*** Opening of Material shown ***
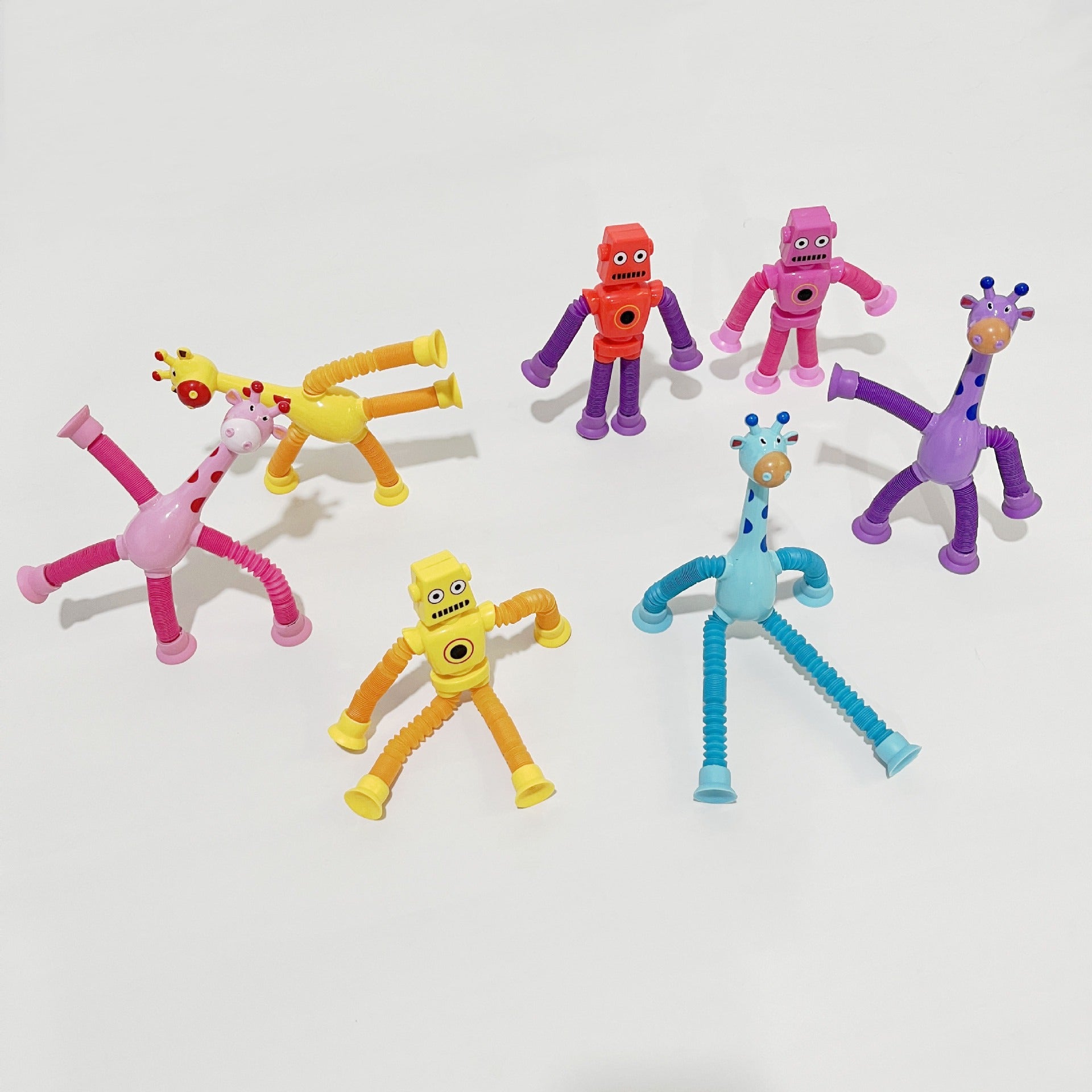 DIY Telescopic Pop Tube Giraffe Sensory Toys Kids Stress Relief Games Early Education Suction Cup Giraffe Playing Gifts
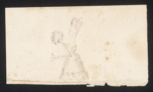 Editor: Here we have Susanna Duncombe's "A Lady and a Gentleman Dancing," held at the Tate. It’s quite small, and the figures are rendered with such quick, expressive lines. What does this image evoke for you? Curator: The sketch, with its seemingly effortless depiction of movement, speaks volumes about the social rituals of the time. How might this image have been perceived within the artistic circles and societal norms of 18th-century England? Editor: So, it's a reflection of societal norms? I hadn't considered that. Curator: Precisely. Dance was a carefully choreographed display of status and courtship, and Duncombe captures that performance. The very act of sketching such a scene—what does that say about her position and perspective? Editor: It makes me think about access and who got to participate in these rituals, both in life and in art. Curator: An excellent point. It is interesting to think about the role of women in the arts and the societal norms that affected their work. Editor: Yes, that changed how I view this piece. Thanks!
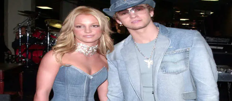Which pop star dated Justin Timberlake and wore a denim dress in 2001?
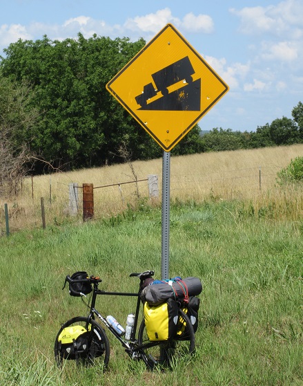 The Adventure Cycling TransAmerica route was their very first one from back when they were called BikeCentennial to celebrate America's bicentennial in 1976. On this part of the route, the state has erected "Bicycle Route 76" signs, which can be very helpful at times.
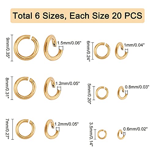 UNICRAFTALE Circa 120 Anello di Metallo da 2.3/3.4/4/4.6/5.6/6 mm, Anelli di Salto Aperti in Acciaio Inossidabile e Anelli Connessione per Gioielli Dorati per Braccialetti Mestiere di Fabbricazione
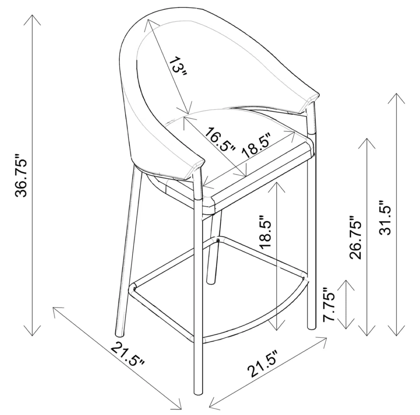 Cream fabric upholstered bar stools with black metal legs and gold accents. Seat height is 26.75". Overall height is 36.75".
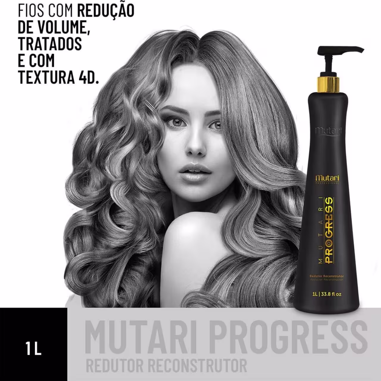 Procurando uma progressiva que promova tratamento durante o processo da transformação?. Que diminua a agressão da química nos fios? O Redutor Reconstrutor Mutari Progress 1L é a solução. Sua fórmula enriquecida com ativos de alta performance (ácido hialurônico, extrato de bambu, bio ester de manteiga de karité e (queratina hidrolisada) garante fios saudáveis e com muito brilho. Muito versátil, o Redutor Mutari Progress possibilita realizar quatro procedimentos com resultados diferentes, como por exemplo: alisar totalmente, abertura de cachos, efeito BTX ou eliminar o frizz. Ideal para atender às necessidades dos clientes de forma prática, rápida, segura e com desempenho elevado. Ficou interessada? Confira abaixo mais informações sobre esse produto inovador.
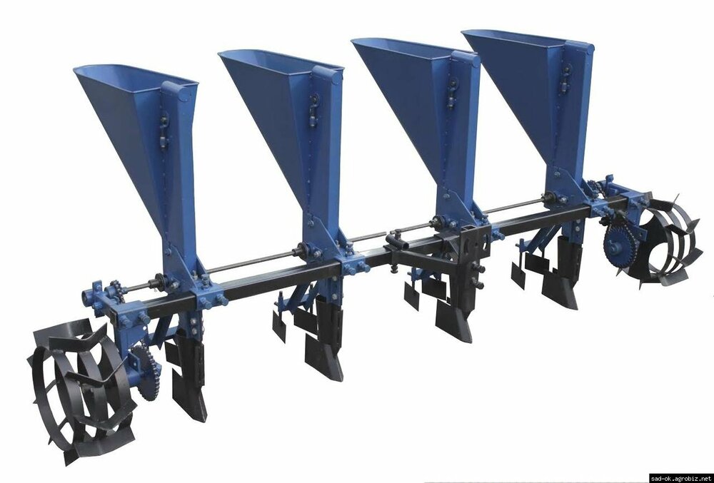 Привод механизма дозирования от опорно-приводных колес. Для обеспечения стабильной работы, на неровном грунте, применена двухвальная система механизма дозирования, с разделённым приводом. Шаг посадки в ряду: 110 мм, 125 мм, 140 мм, регулируется изменением передаточного числа на цепном редукторе. Для компенсации длины цепи применён натяжитель. Сошник и загортачи регулируемые, глубина посадки 60-80 мм. Ширина междурядий выставляется в пределах: 200-530 мм. Ширина колеи 2220 мм.
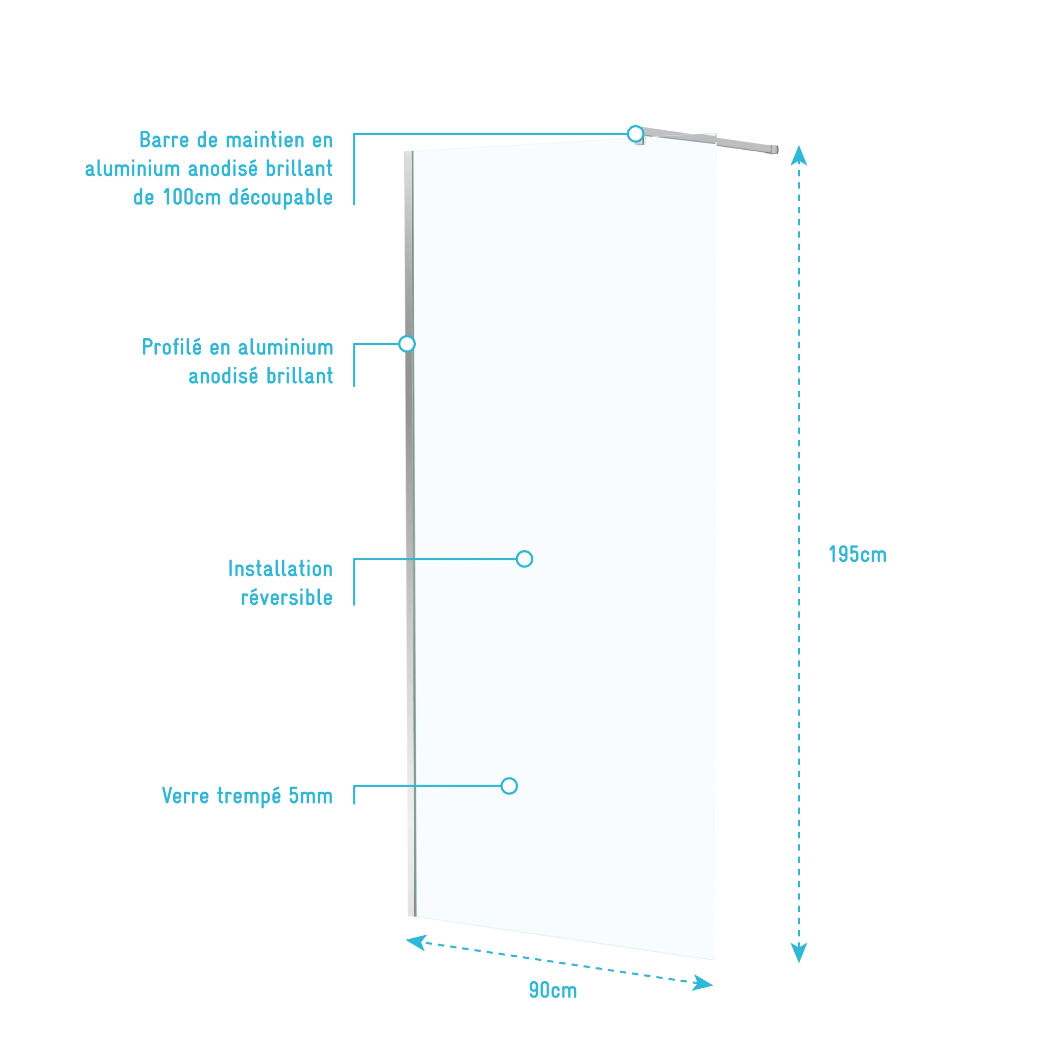 4 avis pour Paroi de Douche 90×195 cm en Verre Trempé 5 mm – Finition Chromé – CHROMED ELEMENTARY
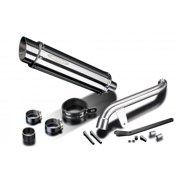 • This set includes - Delkevic silencer with a removable baffle, link pipe, strap, and clamps.
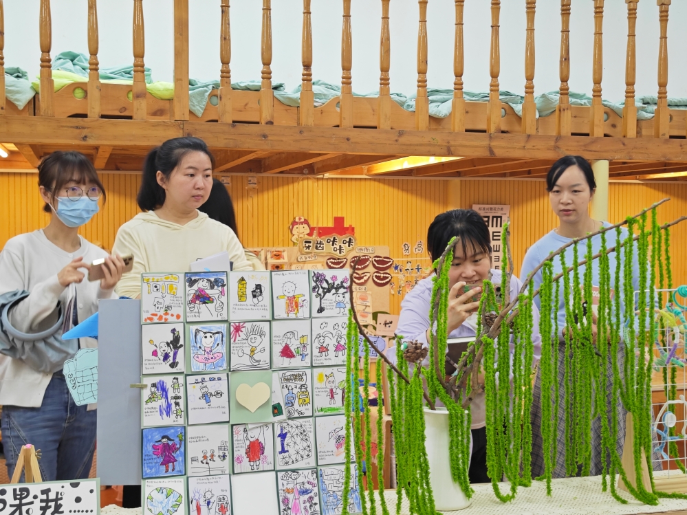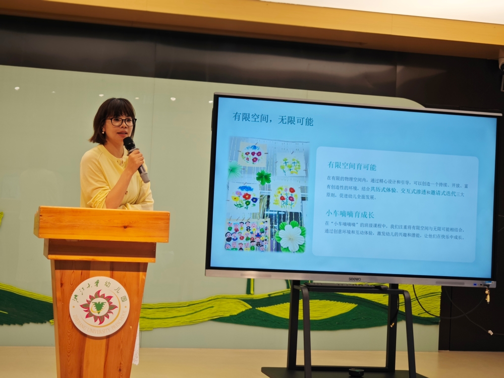 4月23日中午,各班教师代表详细介绍本班学习空间实践过程。14个班级各有特色,基于班级儿童所需精心打造的创意空间,以儿童视角构建“可生长”的环境创设思路:每个角落都是老师与孩子亲历共创的过程,孩子的经验在慢慢积累,老师也不断将学习空间进行拓展,注重链接幼儿园的户外生态游乐场。比如有对幼儿园雨水收集器的探索,有便于幼儿操作的“有趣的温度”实践空间,有种子项目与幼儿园种植地的互动,有扎根在小树林一整年的节气观察等等,经历了与孩子的长期探索与实践,基于项目活动的持续推进也逐步实现了室内外空间的同步迭代。
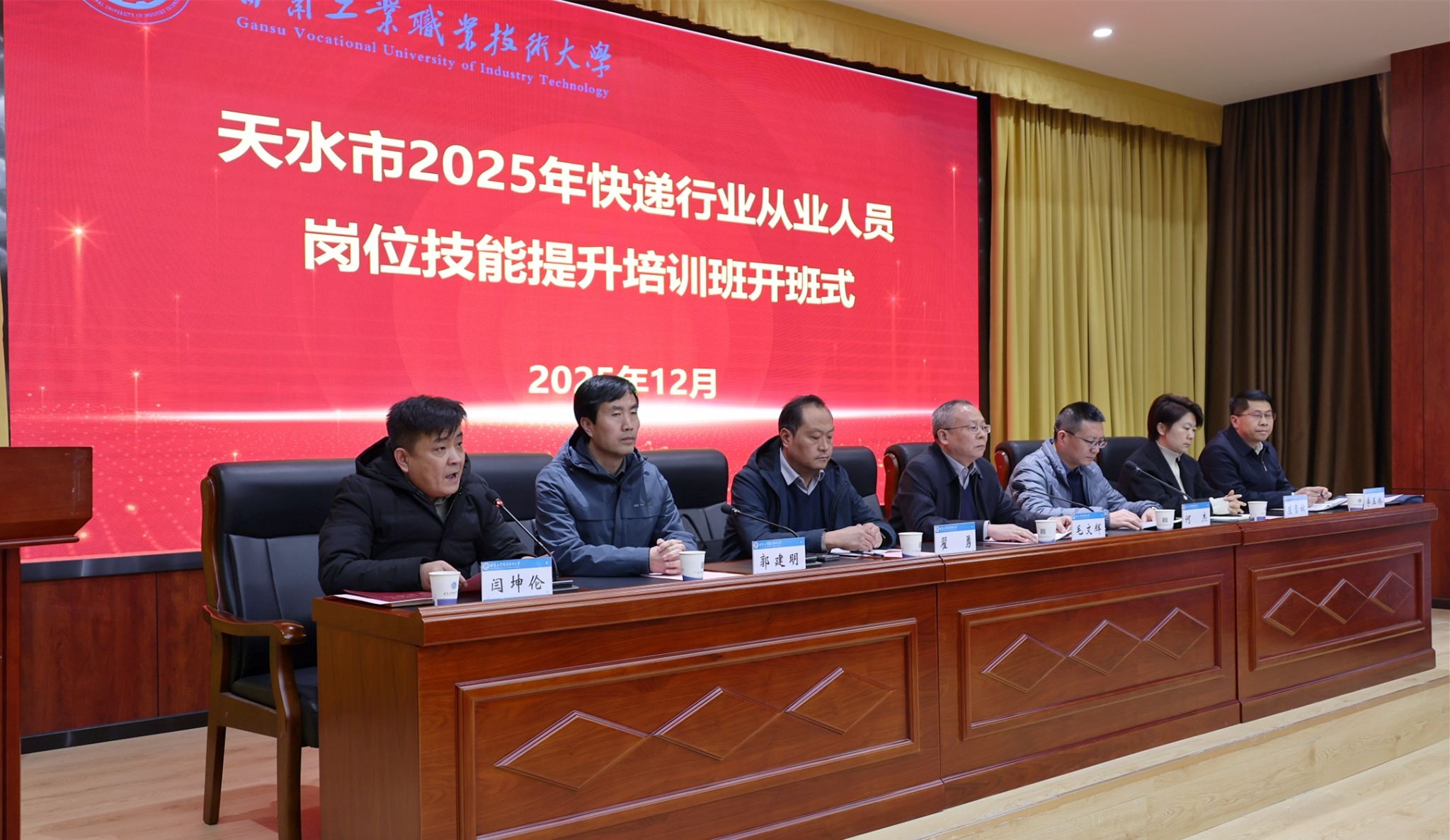 为贯彻落实甘肃省财政厅、人社厅及天水市人社局相关文件精神,切实提升快递行业服务质量与安全水平,推动行业高质量发展,12月30日,2025年天水市快递行业从业人员技能提升培训班在甘肃工业职业技术大学顺利开班。学校党委常委、副校长毛文辉,天水市邮政管理局党组成员、副局长何杰,天水市邮政管理局市场监管科科长庄雪嫔,天水市邮政业安全中心主任翟勇,甘肃工业职业技术大学相关部门负责人出席开班仪式。全市97名快递企业从业人员代表参加培训,开班仪式由财经商贸学院院长闫坤伦主持。
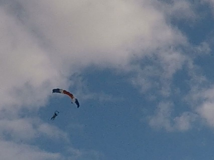 ピックアップ場所に来たのは日本人でした。道中、楽しいお話を聞きながら移動。現地に着いたら雨が降ってましたが飛ぶときには晴天。4267メートルからのダイビングはあっという間でしたが今までに体験したことない感動でした。40代50代の夫婦には無理かと思いましたができないことはないんだと・・・本当に楽しかったです
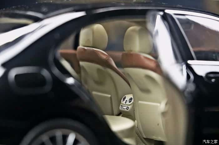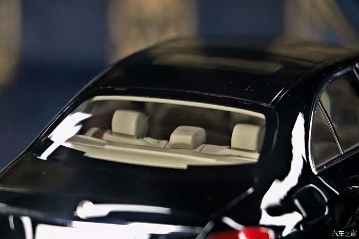 后排乘客采用了三个头枕的设计,照顾到了后排乘客整体的舒适安全,米色内饰的豪华车型的确让人感到很温馨,但这台模型整体的玻璃工艺质感一般。
*** Close of Material shown ***
* [Exercise objective]: Output every record above word for word, omitting any pictures they contain.

* [Your solution]:
 DIY Telescopic Pop Tube Giraffe Sensory Toys Kids Stress Relief Games Early Education Suction Cup Giraffe Playing Gifts
 Editor: Here we have Susanna Duncombe's "A Lady and a Gentleman Dancing," held at the Tate. It’s quite small, and the figures are rendered with such quick, expressive lines. What does this image evoke for you? Curator: The sketch, with its seemingly effortless depiction of movement, speaks volumes about the social rituals of the time. How might this image have been perceived within the artistic circles and societal norms of 18th-century England? Editor: So, it's a reflection of societal norms? I hadn't considered that. Curator: Precisely. Dance was a carefully choreographed display of status and courtship, and Duncombe captures that performance. The very act of sketching such a scene—what does that say about her position and perspective? Editor: It makes me think about access and who got to participate in these rituals, both in life and in art. Curator: An excellent point. It is interesting to think about the role of women in the arts and the societal norms that affected their work. Editor: Yes, that changed how I view this piece. Thanks!
Which pop star dated Justin Timberlake and wore a denim dress in 2001?
 The Adventure Cycling TransAmerica route was their very first one from back when they were called BikeCentennial to celebrate America's bicentennial in 1976. On this part of the route, the state has erected "Bicycle Route 76" signs, which can be very helpful at times.
 UNICRAFTALE Circa 120 Anello di Metallo da 2.3/3.4/4/4.6/5.6/6 mm, Anelli di Salto Aperti in Acciaio Inossidabile e Anelli Connessione per Gioielli Dorati per Braccialetti Mestiere di Fabbricazione
 Cream fabric upholstered bar stools with black metal legs and gold accents. Seat height is 26.75". Overall height is 36.75".
 Procurando uma progressiva que promova tratamento durante o processo da transformação?. Que diminua a agressão da química nos fios? O Redutor Reconstrutor Mutari Progress 1L é a solução. Sua fórmula enriquecida com ativos de alta performance (ácido hialurônico, extrato de bambu, bio ester de manteiga de karité e (queratina hidrolisada) garante fios saudáveis e com muito brilho. Muito versátil, o Redutor Mutari Progress possibilita realizar quatro procedimentos com resultados diferentes, como por exemplo: alisar totalmente, abertura de cachos, efeito BTX ou eliminar o frizz. Ideal para atender às necessidades dos clientes de forma prática, rápida, segura e com desempenho elevado. Ficou interessada? Confira abaixo mais informações sobre esse produto inovador.
 Привод механизма дозирования от опорно-приводных колес. Для обеспечения стабильной работы, на неровном грунте, применена двухвальная система механизма дозирования, с разделённым приводом. Шаг посадки в ряду: 110 мм, 125 мм, 140 мм, регулируется изменением передаточного числа на цепном редукторе. Для компенсации длины цепи применён натяжитель. Сошник и загортачи регулируемые, глубина посадки 60-80 мм. Ширина междурядий выставляется в пределах: 200-530 мм. Ширина колеи 2220 мм.
 4 avis pour Paroi de Douche 90×195 cm en Verre Trempé 5 mm – Finition Chromé – CHROMED ELEMENTARY
 • This set includes - Delkevic silencer with a removable baffle, link pipe, strap, and clamps.
 4月23日中午,各班教师代表详细介绍本班学习空间实践过程。14个班级各有特色,基于班级儿童所需精心打造的创意空间,以儿童视角构建“可生长”的环境创设思路:每个角落都是老师与孩子亲历共创的过程,孩子的经验在慢慢积累,老师也不断将学习空间进行拓展,注重链接幼儿园的户外生态游乐场。比如有对幼儿园雨水收集器的探索,有便于幼儿操作的“有趣的温度”实践空间,有种子项目与幼儿园种植地的互动,有扎根在小树林一整年的节气观察等等,经历了与孩子的长期探索与实践,基于项目活动的持续推进也逐步实现了室内外空间的同步迭代。
 为贯彻落实甘肃省财政厅、人社厅及天水市人社局相关文件精神,切实提升快递行业服务质量与安全水平,推动行业高质量发展,12月30日,2025年天水市快递行业从业人员技能提升培训班在甘肃工业职业技术大学顺利开班。学校党委常委、副校长毛文辉,天水市邮政管理局党组成员、副局长何杰,天水市邮政管理局市场监管科科长庄雪嫔,天水市邮政业安全中心主任翟勇,甘肃工业职业技术大学相关部门负责人出席开班仪式。全市97名快递企业从业人员代表参加培训,开班仪式由财经商贸学院院长闫坤伦主持。
 ピックアップ場所に来たのは日本人でした。道中、楽しいお話を聞きながら移動。現地に着いたら雨が降ってましたが飛ぶときには晴天。4267メートルからのダイビングはあっという間でしたが今までに体験したことない感動でした。40代50代の夫婦には無理かと思いましたができないことはないんだと・・・本当に楽しかったです
 后排乘客采用了三个头枕的设计,照顾到了后排乘客整体的舒适安全,米色内饰的豪华车型的确让人感到很温馨,但这台模型整体的玻璃工艺质感一般。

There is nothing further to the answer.